[Dataset excerpts]

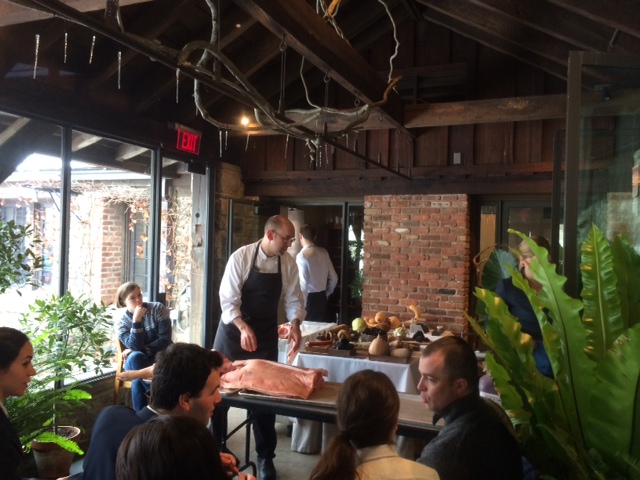 When we arrived, we were greeted with a warm welcome from Irene Hamburger and quickly whisked away to take a tour of the farm. It was surprising to see a greenhouse stocked full of produce in the dead of winter. We even pulled “survivor spinach” right out of the ground and tasted it, and it was delicious! After the tour we had lunch at the Blue Hill Café and had a meet-and-greet with some very influential individuals in the culinary world. We closed out the day with a charcuterie lesson from Vice President of Culinary Affairs, Chef Adam Kaye. He went through all the different cuts of pork, and even gave us a few tastes of ham and speck. We all had an amazing time, and are now more excited than ever to spend a week perfecting our cooking skills at Blue Hill this June.
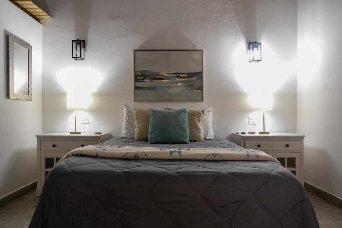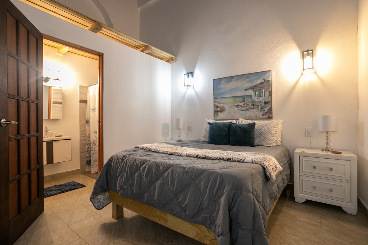 Perfect for King & Queen experience. Vive la vida San Juanera. Enjoy Juliette balcony, king size bed, private bathroom & work space. Conveniently on the premier street, perfect for honeymooners and anyone seeking a nostalgic local experience. You’ll love Paradise Point OSJ, less than 15 mins. from the airport, La Placita, Malls; Walking distance to our port. local beach, all historic sites, popular shops, restaurants, festive plazas and nightlife from this prime location!
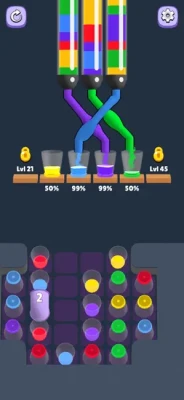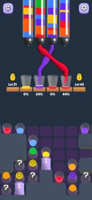 Look Ahead: Before making your first pour, examine the sequence of liquid segments in the tubes. Planning two or three moves ahead is essential for later levels.
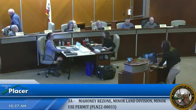 Commission recommends approval of Mahoney rezone, two‑lot split and permit for existing shop; MND adopted and PCCP participation required
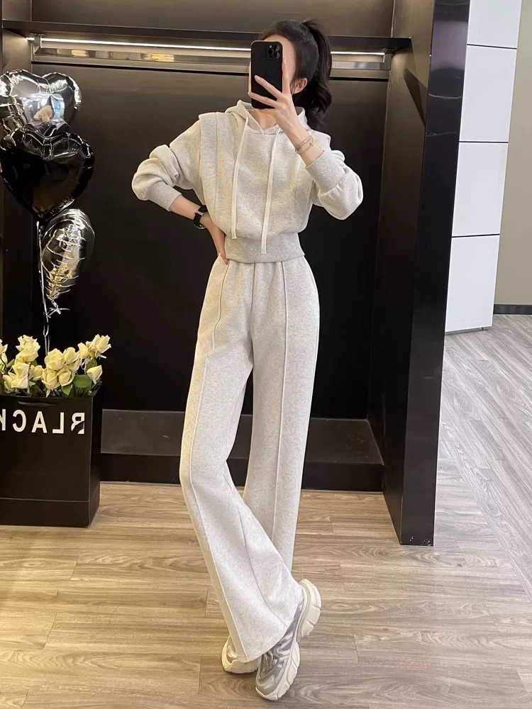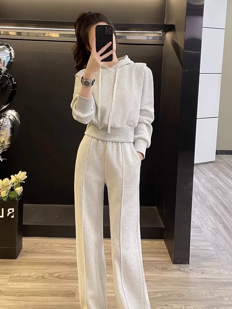 FA45870# 加绒加厚时尚休闲运动卫衣套装女冬季小个子连帽外套阔腿裤两件套 服裝批發女裝批發服飾貨源
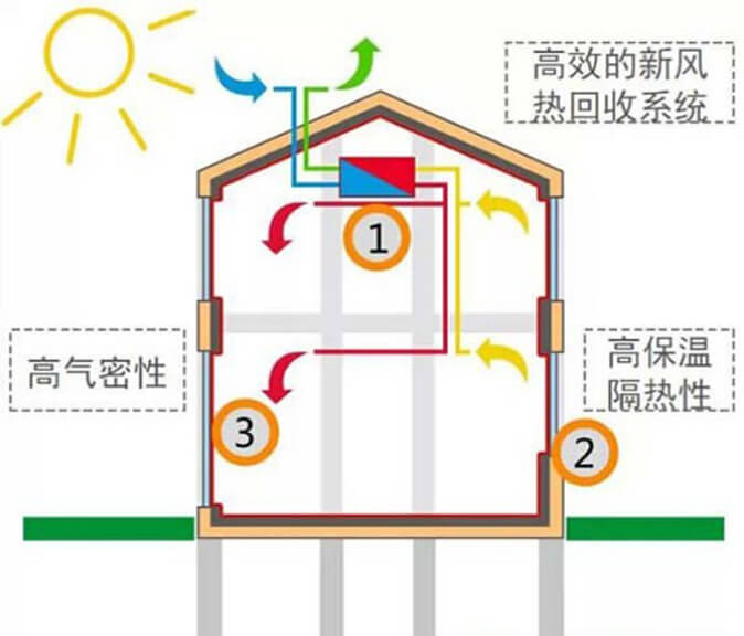 被动式房屋是采用各种节能技术构造使其供热(制冷)需求极少的能量,不再利用传统的供热(制冷)方式,充分利用室内生活热量,通过高隔热隔音、密封性强的建筑外墙和可再生能源,实现舒适的居住环境,是能量效益最佳房屋。
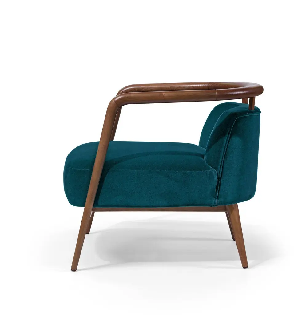 Walnut, Turquoise Velvet Modern Essex Armchair
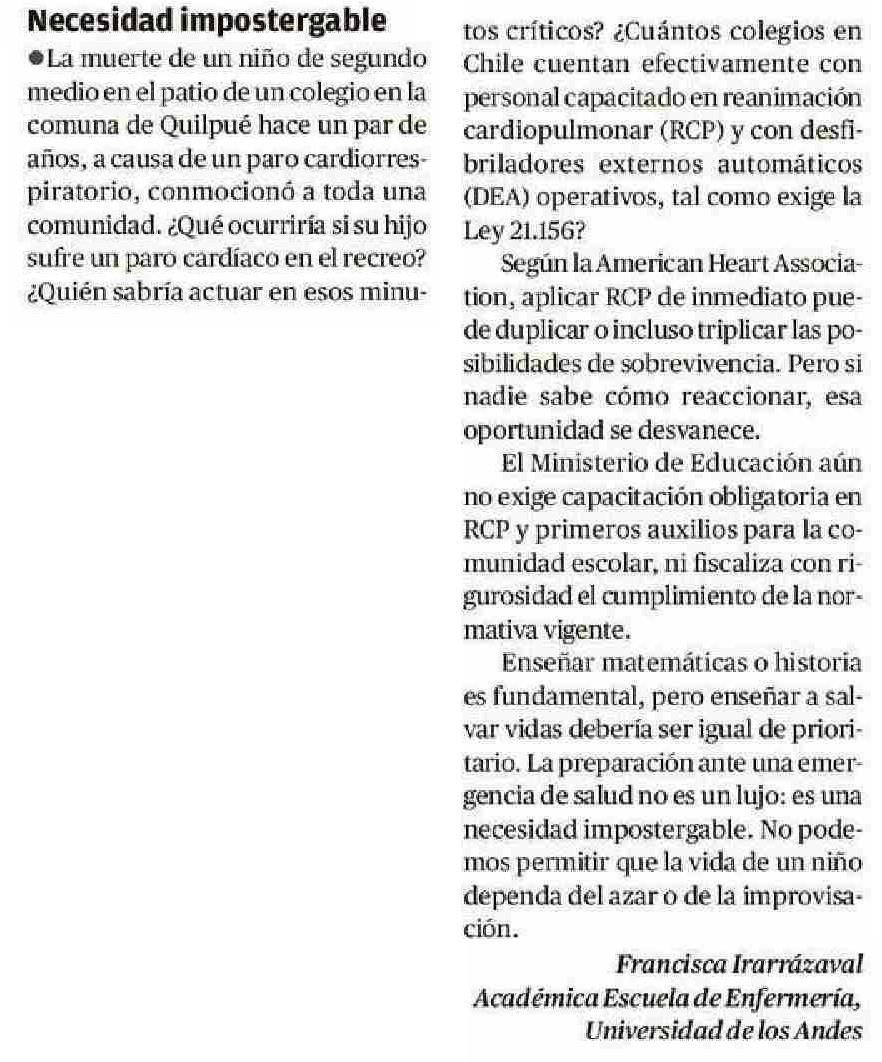 Necesidad impostergable 29-05-2025 El Mercurio de Valparaíso |
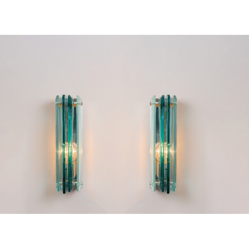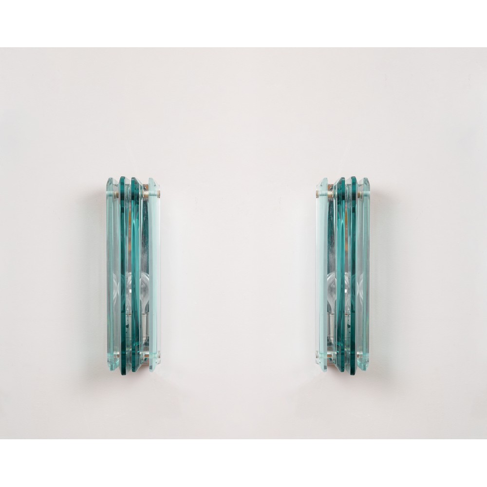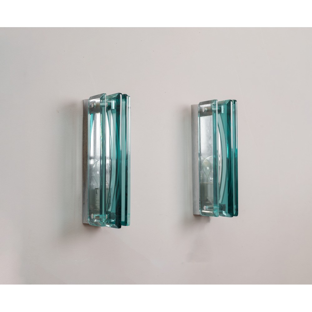Coppia di lampade da parete ad una luce in vetro di grosso spessore composte da quattro lastre parallele, struttura in metallo cromato.
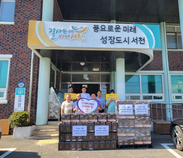 [충청뉴스큐] 서천군 서면주민자치회 회원들이 마을별 경로당 무더위쉼터를 이용하는 어르신들께 도시락김 480박스를 후원하며 ‘2023 함께 피워요, 나눔의 꽃 제17호’로 선정됐다.
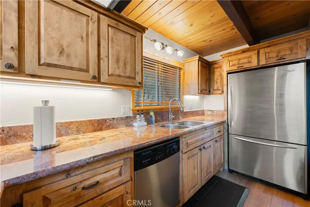 The kitchen includes wood cabinetry, granite countertops, stainless steel appliances, and a dining area.
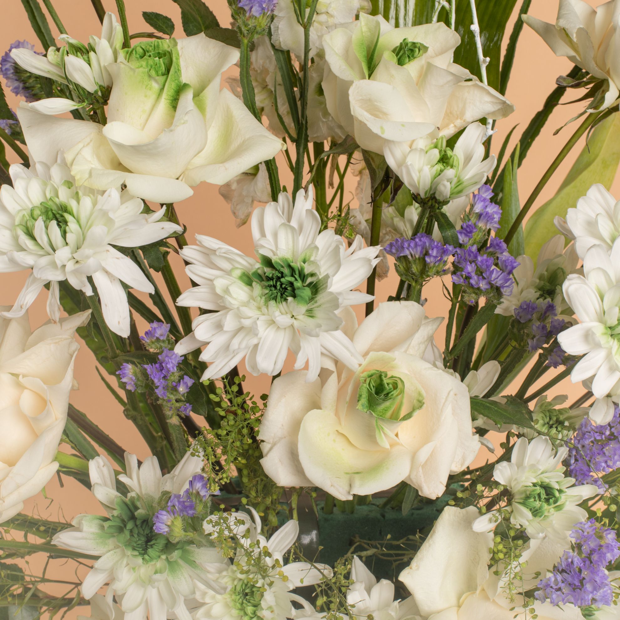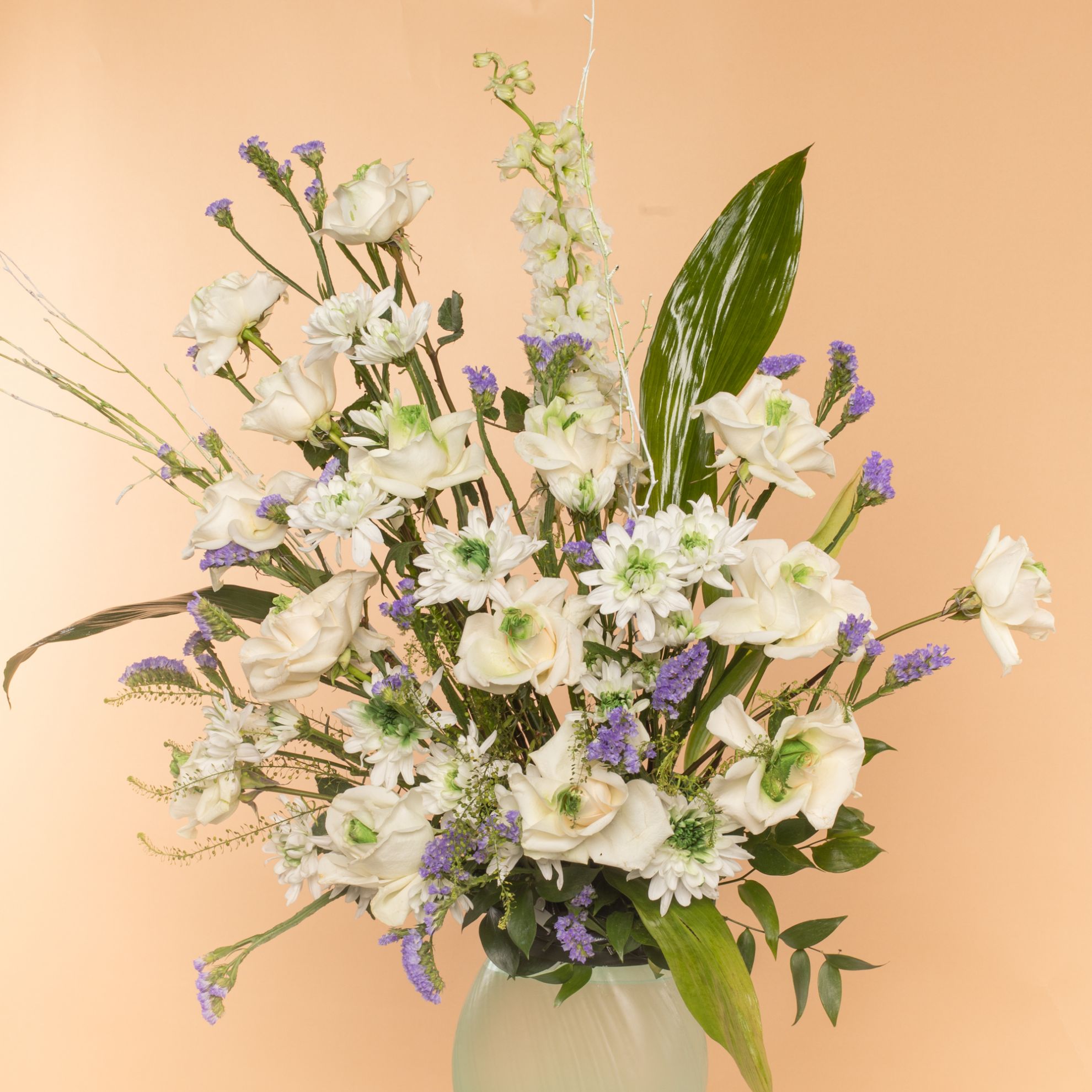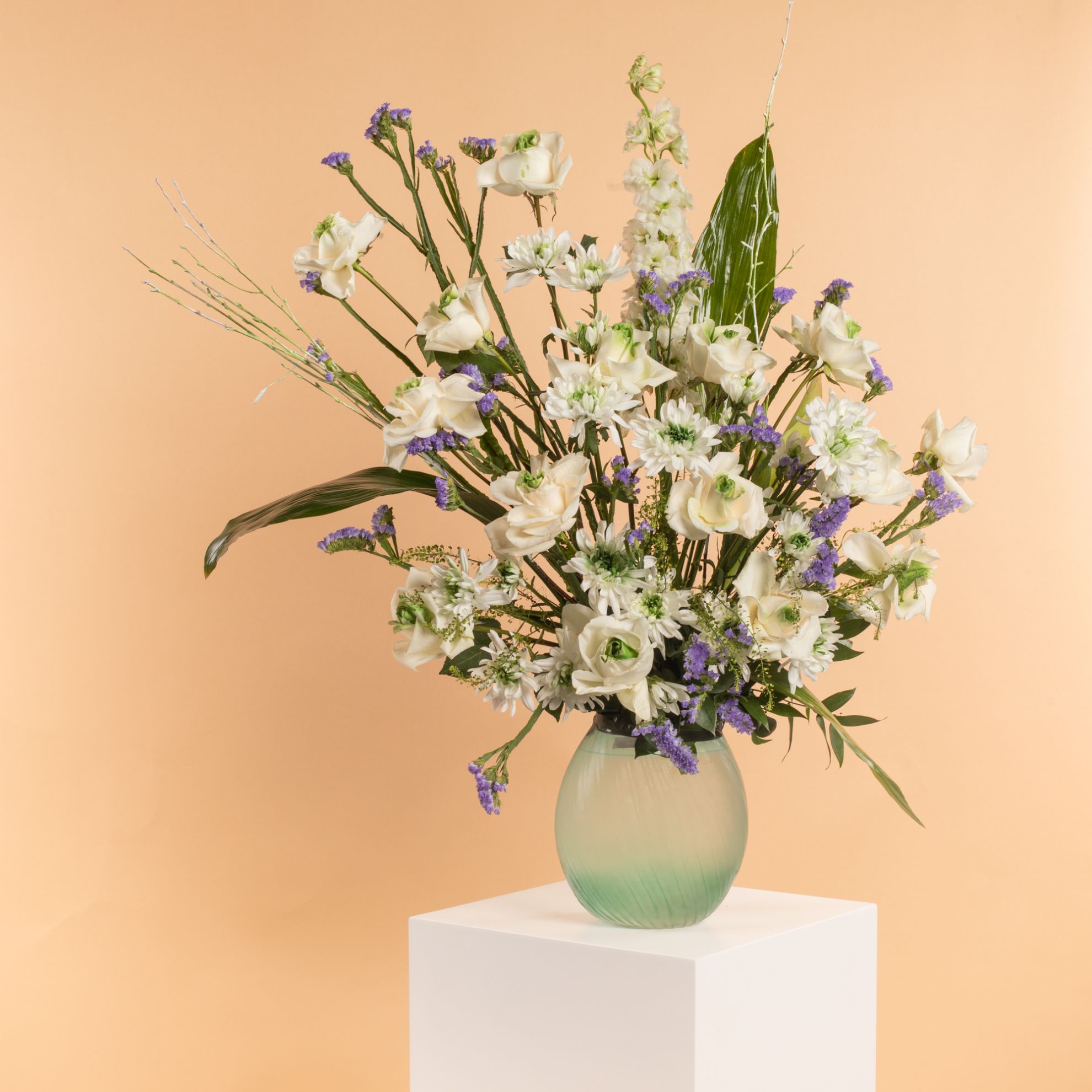 Celebrate Ramadan with our elegant flower vase! It features a beautiful blend of Ramadan stick, white roses, blue statice, delphinium, white chrysanthemums, Italian ruscus, and lipidium, all arranged in a chic vase. A perfect gift to brighten your home this season.
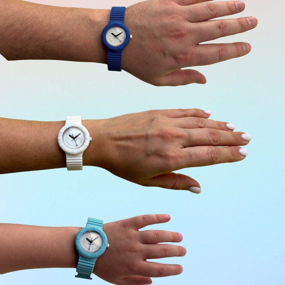 Наручные часы Hip-Hop HW0011, кварцевый механизм, пластиковое стекло, водостойкость 50м (5 АТМ), силиконовый ремешок, корпус вынимается из ремешка, ремешок с ароматом ванили, гарантия 2 года, сделано в Италии.
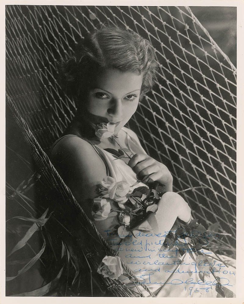 Attractive matte-finish 8 x 10 photo of Annabella with a bundle of roses, signed and inscribed in blue ballpoint “To my dearest Georges, The old picture, a new inscription, and the everlasting love and admiration of Annabella, 1968.” In fine condition, with a couple light surface impressions.
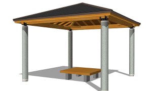 AFS-008B-G擬石柱東屋(縁台付き) 3000角、標準地域、ガルバリウム鋼板¥3,326,000 (税別)- 仕様 : 木部/杉材、柱/稲田擬石、屋根/ガルバリウム鋼板、座板/桧、ベンチ脚/PCコンクリート

- **Problem to work on**: Copy the records word for word, leaving no picture in the copy.

- **Exercise solution**:
 When we arrived, we were greeted with a warm welcome from Irene Hamburger and quickly whisked away to take a tour of the farm. It was surprising to see a greenhouse stocked full of produce in the dead of winter. We even pulled “survivor spinach” right out of the ground and tasted it, and it was delicious! After the tour we had lunch at the Blue Hill Café and had a meet-and-greet with some very influential individuals in the culinary world. We closed out the day with a charcuterie lesson from Vice President of Culinary Affairs, Chef Adam Kaye. He went through all the different cuts of pork, and even gave us a few tastes of ham and speck. We all had an amazing time, and are now more excited than ever to spend a week perfecting our cooking skills at Blue Hill this June.
 Perfect for King & Queen experience. Vive la vida San Juanera. Enjoy Juliette balcony, king size bed, private bathroom & work space. Conveniently on the premier street, perfect for honeymooners and anyone seeking a nostalgic local experience. You’ll love Paradise Point OSJ, less than 15 mins. from the airport, La Placita, Malls; Walking distance to our port. local beach, all historic sites, popular shops, restaurants, festive plazas and nightlife from this prime location!
 Look Ahead: Before making your first pour, examine the sequence of liquid segments in the tubes. Planning two or three moves ahead is essential for later levels.
 Commission recommends approval of Mahoney rezone, two‑lot split and permit for existing shop; MND adopted and PCCP participation required
 FA45870# 加绒加厚时尚休闲运动卫衣套装女冬季小个子连帽外套阔腿裤两件套 服裝批發女裝批發服飾貨源
 被动式房屋是采用各种节能技术构造使其供热(制冷)需求极少的能量,不再利用传统的供热(制冷)方式,充分利用室内生活热量,通过高隔热隔音、密封性强的建筑外墙和可再生能源,实现舒适的居住环境,是能量效益最佳房屋。
 Walnut, Turquoise Velvet Modern Essex Armchair
 Necesidad impostergable 29-05-2025 El Mercurio de Valparaíso |
Coppia di lampade da parete ad una luce in vetro di grosso spessore composte da quattro lastre parallele, struttura in metallo cromato.
 [충청뉴스큐] 서천군 서면주민자치회 회원들이 마을별 경로당 무더위쉼터를 이용하는 어르신들께 도시락김 480박스를 후원하며 ‘2023 함께 피워요, 나눔의 꽃 제17호’로 선정됐다.
 The kitchen includes wood cabinetry, granite countertops, stainless steel appliances, and a dining area.
 Celebrate Ramadan with our elegant flower vase! It features a beautiful blend of Ramadan stick, white roses, blue statice, delphinium, white chrysanthemums, Italian ruscus, and lipidium, all arranged in a chic vase. A perfect gift to brighten your home this season.
 Наручные часы Hip-Hop HW0011, кварцевый механизм, пластиковое стекло, водостойкость 50м (5 АТМ), силиконовый ремешок, корпус вынимается из ремешка, ремешок с ароматом ванили, гарантия 2 года, сделано в Италии.
 Attractive matte-finish 8 x 10 photo of Annabella with a bundle of roses, signed and inscribed in blue ballpoint “To my dearest Georges, The old picture, a new inscription, and the everlasting love and admiration of Annabella, 1968.” In fine condition, with a couple light surface impressions.
 AFS-008B-G擬石柱東屋(縁台付き) 3000角、標準地域、ガルバリウム鋼板¥3,326,000 (税別)- 仕様 : 木部/杉材、柱/稲田擬石、屋根/ガルバリウム鋼板、座板/桧、ベンチ脚/PCコンクリート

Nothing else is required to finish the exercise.